Sua vitória tem sido considerada de forma unânime como a expressão do desejo de estabilidade dos eleitores turcos, em um país que enfrenta desde o fim do verão a retomada do conflito curdo e a ameaça jihadista, após o atentado suicida que fez 102 mortos em Ancara há três semanas.

Ao longo de toda a campanha, o presidente e seu primeiro-ministro Ahmet Davutoglu se apresentaram como os únicos capazes de garantir a segurança e unidade do país, jogando com o medo do “caos” na ausência de uma maioria absoluta de um partido.

“As eleições mostraram o sucesso da estratégia de Erdogan, que assumiu riscos ao convocar novas eleições e que mudou sua prioridade da economia para a segurança”, resumiu nesta segunda-feira o colunista Murat Yetkin no jornal Hürriyet Daily News.

Não surpreendentemente, os investidores comemoraram nesta segunda durante a abertura das Bolsas.

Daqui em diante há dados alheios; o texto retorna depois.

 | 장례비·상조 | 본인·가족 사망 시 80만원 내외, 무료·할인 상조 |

A Bolsa de Valores de Istambul subiu mais de 5%, enquanto a lira turca, que tinha perdido mais de 20% de seu valor desde o início do ano, recuperou as forças em relação ao dólar e ao euro.

Mas essa recuperação pode ser de curta duração. “Resta saber se o AKP vai se esforçar para recuperar a sua credibilidade econômica”, alertou William Jackson, da Capital Economics.

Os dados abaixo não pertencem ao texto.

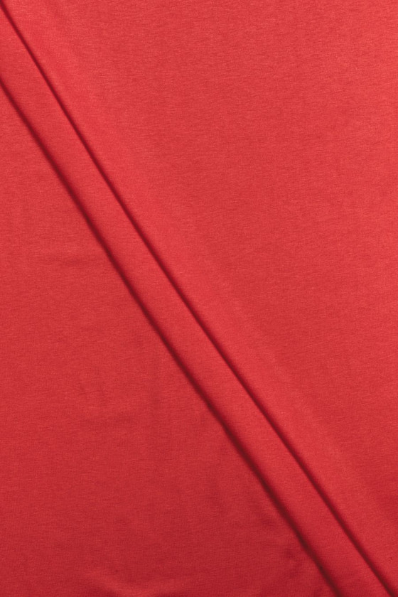 Italská pletenina utkaná ze 100% mikromodalu v červené barvě. Pletenina je střední tloušťky, měkká, příjemná na dotek a elastická. Doporučujeme ji k halenkám, topům, tričkům a legínám.

A União Europeia (UE) saudou “o forte empenho do povo turco em respeitar os procedimentos democráticos” e manifestou sua disponibilidade para trabalhar com o futuro governo, incluindo sobre a questão dos migrantes.

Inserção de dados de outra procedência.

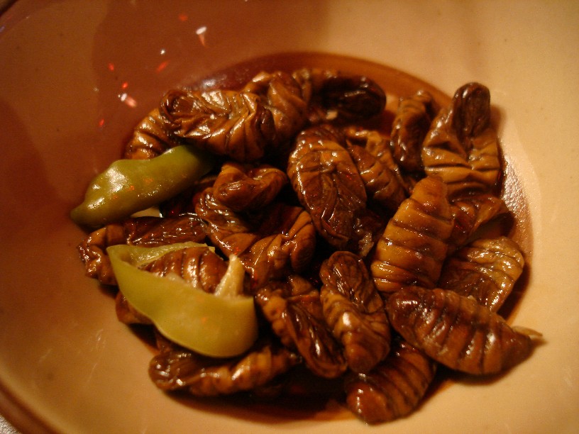 Были в корейском баре, где пили вкусное и дешегое пиво, к которому нам дали на закуску личинок шелкогого червя.

Berlim fez o mesmo e exortou o regime a liderar o país “em um espírito de unidade e compromisso nacional”.

Mas a oposição está preocupada com este retorno de Erdogan, muito criticado por suas tendências autoritárias. “Esta é a vitória de medo”, era a manchete do jornal Cumhuriyet desta segunda-feira.

Quatro dias antes das eleições, o ataque da polícia turca, ao vivo diante das câmeras, para assumir o controle de dois canais de televisão ligados à oposição em Istambul provocou indignação em todo o mundo.

“É provável que a Turquia se torne agora ainda mais autoritária em termos de liberdade de imprensa e respeito pela lei”, disse Natalie Martin, especialista sobre a Turquia na Nottingham Trent University (Reino Unido).

Os observadores da Organização para a Segurança na Europa (OSCE) lamentaram nesta segunda o nível de violência da campanha. “A campanha foi marcada pelo medo, que é o inimigo da democracia”, ressaltou Andreas Gross, deputado suíço do Conselho da Europa.

Em seu relatório, a OSCE também criticou o campo de Erdogan por “intervenções na autonomia editoral dos meios de comunicação”.

O líder do Partido Democrático Popular (HDP, pró-curdo), Selahattin Demirtas, denunciou no domingo uma eleição “injusta”, disputada sob a ameaça jihadista, mas prometeu continuar sua luta “pelo processo de paz” entre Ancara e os rebeldes do Partido dos Trabalhadores do Curdistão (PKK).